Welcome to the next installment of our talks with Percona Live Data Performance Conference 2016 speakers! In this series of blogs, we’ll highlight some of the speakers that will be at this year’s conference, as well as discuss the technologies and outlooks of the speakers themselves. Make sure to read to the end to get a special Percona Live registration bonus!
In this installment, our Percona Live featured talk with Sugu Sougoumarane, Infrastructure & Storage Engineer at YouTube is about Vitess: The Complete Story. I had a chance to speak with Sugu and learn a bit more about YouTube and Vitess:
Percona: Give me a brief history of yourself: how you got into database development, where you work, what you love about it.

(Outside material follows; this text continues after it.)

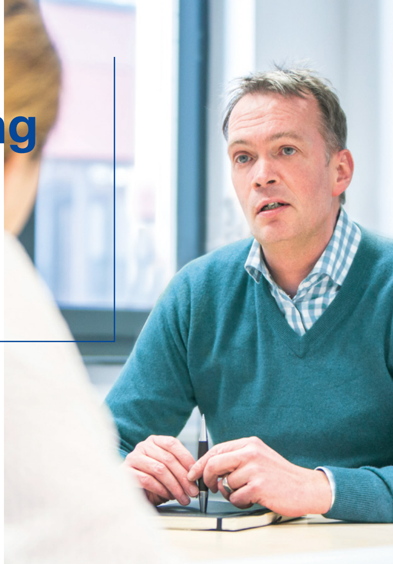
Hands-on, experiential learning through proprietary role-plays.

This program includes practical, hands-on advice on how to prepare negotiations strategically, how to position yourself, anticipate the moves of the other side, make the right choices, avoid traps, and deal with mental biases and power imbalances.

Sugu: My involvement with databases goes back to Informix in the 90s. This was during the 4GL and client-server days. I was part of the development team for a product called NewEra.
I later joined PayPal, where we used Oracle and eventually scaled it to the biggest machine money could buy. I have to say that I’m still a fan of the mighty hash join. During my time there, I wrote the system that balanced the books, which helped me gain some unique perspectives on consistency. Word on the street is that the tool is still in use.
These experiences at PayPal influenced the founders of YouTube to try a different approach: scaling with commodity hardware. When I joined YouTube, the only MySQL database we had was just beginning to run out of steam, and we boldly executed the first resharding in our lives. It took an entire night of master downtime, but we survived. These experiences eventually led to the birth of Vitess.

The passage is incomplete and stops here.